**THE PROBLEM**
Would you output the listing exactly, with every image omitted?

== STORED DATA

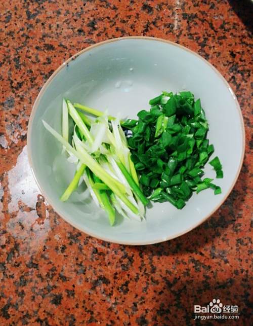 3、两棵小葱,葱白跟葱叶分开切,葱白切成丝,葱叶切成花。
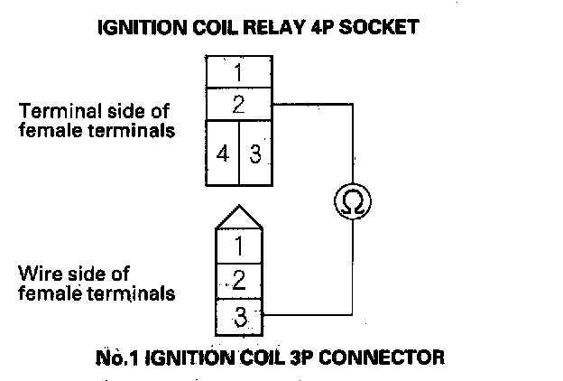 4. Check for continuity between ignition coil relay 4P socket terminal No. 2 and the No. 1 ignition coil 3P connector terminal No. 3.
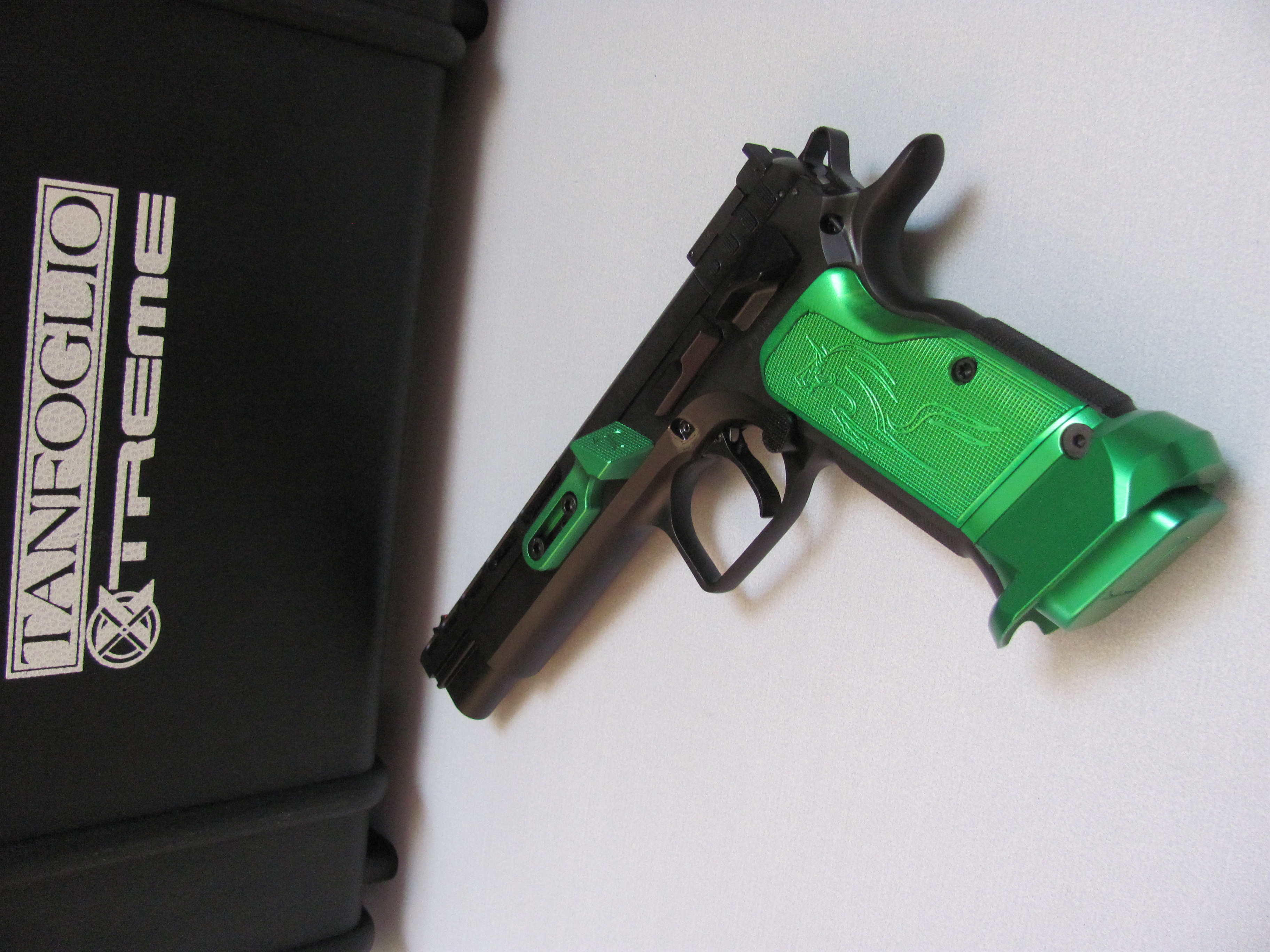 Individualisierung durch verschiedene Farbgestaltungen mit der Tanfoglio-Unica-Hausmarke ( hier ist die Pistole mit grünen Anbauteilen mit mehreren Fotos dargestellt ).

====

**RESULT**
 3、两棵小葱,葱白跟葱叶分开切,葱白切成丝,葱叶切成花。
 4. Check for continuity between ignition coil relay 4P socket terminal No. 2 and the No. 1 ignition coil 3P connector terminal No. 3.
 Individualisierung durch verschiedene Farbgestaltungen mit der Tanfoglio-Unica-Hausmarke ( hier ist die Pistole mit grünen Anbauteilen mit mehreren Fotos dargestellt ).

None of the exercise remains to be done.